Work to complete –
An exact reproduction of the lines below, from the first through the one with "Experience the ideal", is the whole answer; pictures have no place in it.

START Given records

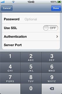 Press Host Name below Outgoing Mail Server and key in the name or IP address of your email provider's outgoing server.
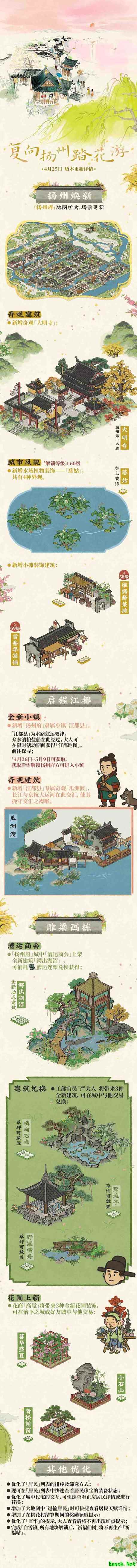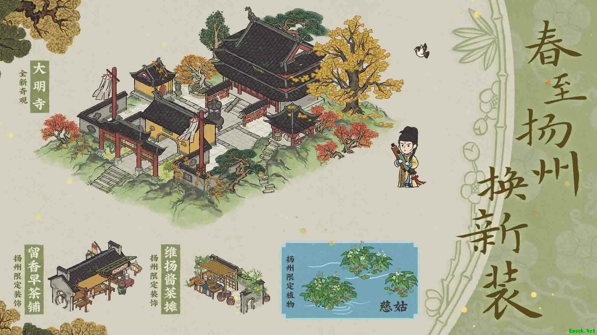 古风模拟经营手游《江南百景图》已于4月25日正式更新3.3.0版本内容和相关活动,本次更新主题为“复向扬州踏花游”。扬州府焕新,知府大人可启程探访,与居民江南共赴春日好时光! 春和景明 扬州焕新
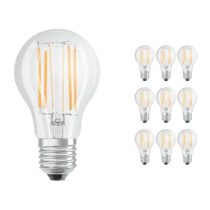 Confezione Multipack 10x Ledvance CLASSIC LED E27 Pera Filamento Chiara 7.5W 1055lm - 827 Bianco Molto Caldo | Dimmerabile - Sostitutiva 75W
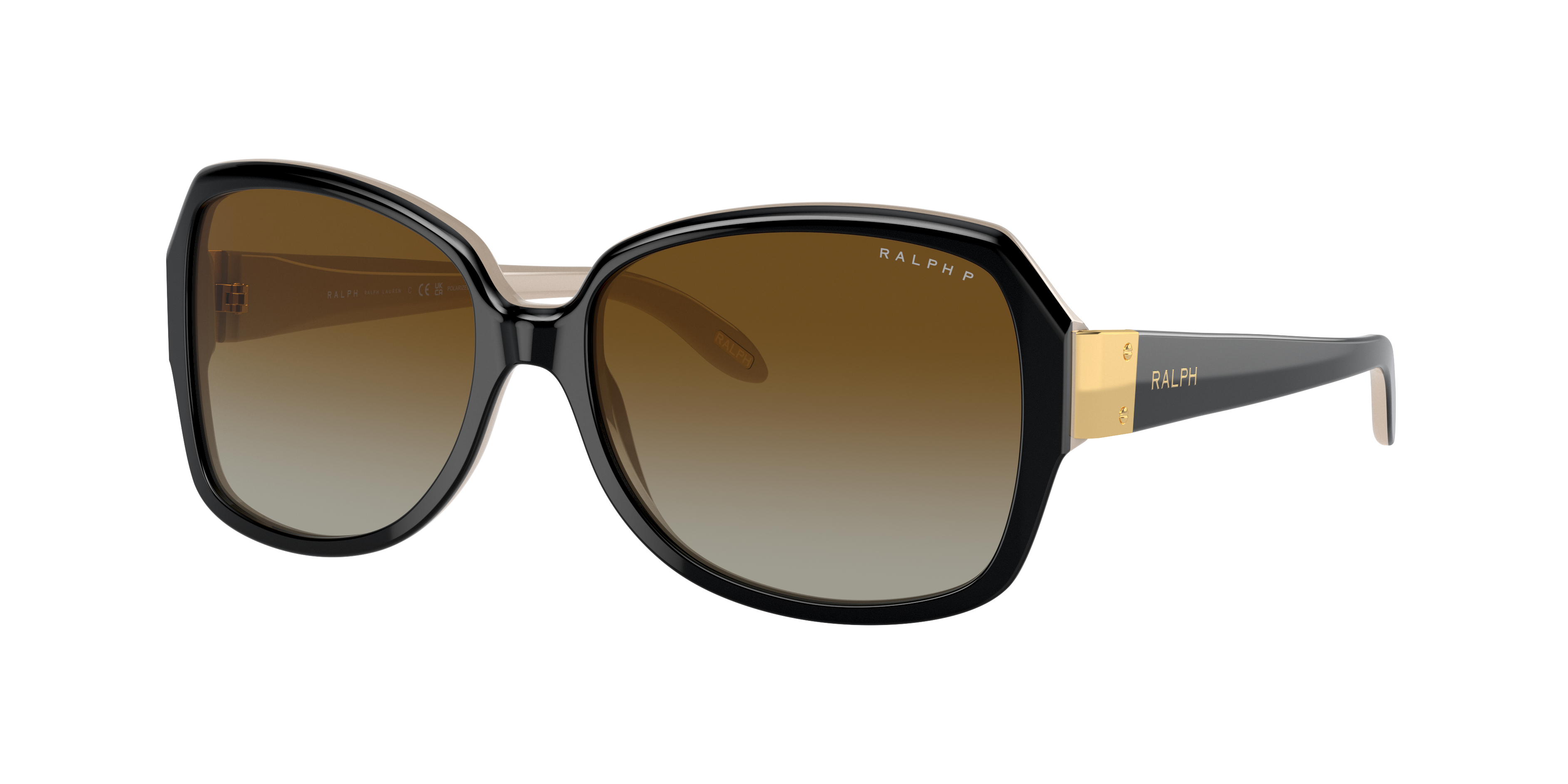 Experience the ideal balance between style and functionality with Ralph RA5138 sunglasses. These square-shaped glasses feature a polished finish, adding a touch of sophistication to any look. The frame is made of durable acetate in a striking shiny black on nude color, complemented by polar gradient brown lenses that offer superior glare protection. The polarized lenses also provide excellent clarity for an enhanced visual experience. Featuring a versatile design, these shades are perfect for those seeking both fashion and practicality. Available with prescription lenses.
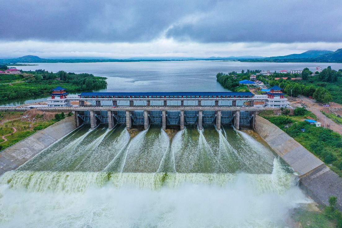 溢洪闸分左右两处共15孔。右侧溢洪闸建于1966年,共5孔,每孔设10×9.3m弧形钢闸门,启闭机采用2×200kN固定卷扬式启闭机;左侧溢洪闸建于1983年,共10孔,每孔设14×12.2m弧形钢闸门,启闭机采用2×500kN固定卷扬式启闭机;2018年除险加固方案右侧溢洪闸改建为驼峰堰、左侧溢洪闸重建,每孔设13×12m弧形钢闸门,启闭机采用2×630kN固定卷扬式启闭机;除险加固后的岸堤水库就赶上了2019年“利奇马”台风及多次超强降雨大考,充分发挥了水库枢纽防洪“利器”在蓄洪、削峰、错峰上的作用,为减轻下游沂河防洪压力、避免启用邳苍分洪道发挥了极为重要的作用。
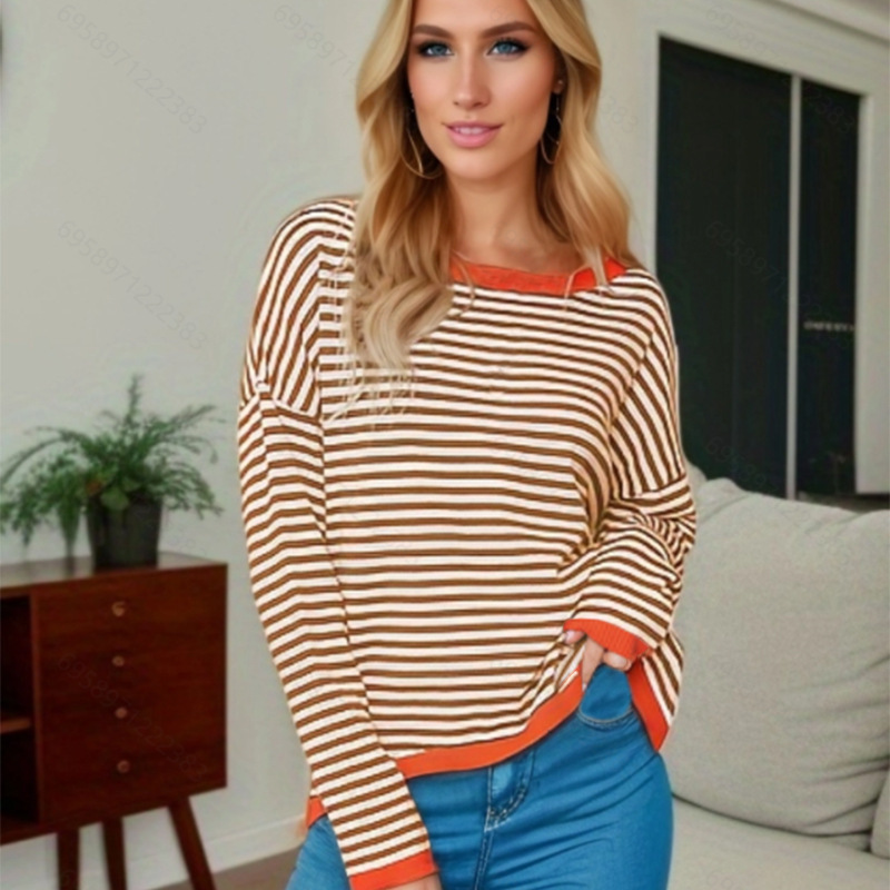 크로스 보더 여성용 가을과 겨울 라운드 넥 대비 트리밍 스트라이프 숄더 스웨터 유럽과 미국의 루즈한 모든 매치 긴팔 탑스토어 가기
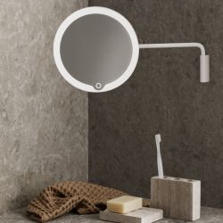 Specchio Modo, girevole e mobile, con ingranditore e anello luminoso.
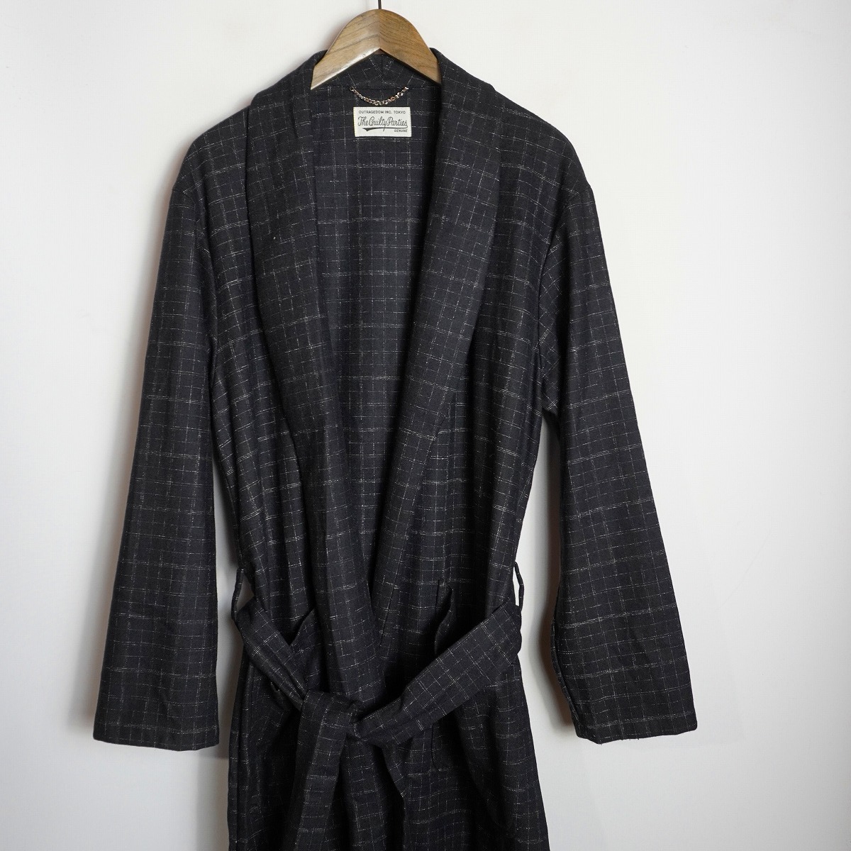 WACKO MARIA ワコマリア BLURRED CHECK GOWN COAT ショールカラー ガウン コート チェック柄 サイズM ブラック黒です。

END Given records

Answer for this exercise –
 Press Host Name below Outgoing Mail Server and key in the name or IP address of your email provider's outgoing server.
 古风模拟经营手游《江南百景图》已于4月25日正式更新3.3.0版本内容和相关活动,本次更新主题为“复向扬州踏花游”。扬州府焕新,知府大人可启程探访,与居民江南共赴春日好时光! 春和景明 扬州焕新
 Confezione Multipack 10x Ledvance CLASSIC LED E27 Pera Filamento Chiara 7.5W 1055lm - 827 Bianco Molto Caldo | Dimmerabile - Sostitutiva 75W
 Experience the ideal balance between style and functionality with Ralph RA5138 sunglasses. These square-shaped glasses feature a polished finish, adding a touch of sophistication to any look. The frame is made of durable acetate in a striking shiny black on nude color, complemented by polar gradient brown lenses that offer superior glare protection. The polarized lenses also provide excellent clarity for an enhanced visual experience. Featuring a versatile design, these shades are perfect for those seeking both fashion and practicality. Available with prescription lenses.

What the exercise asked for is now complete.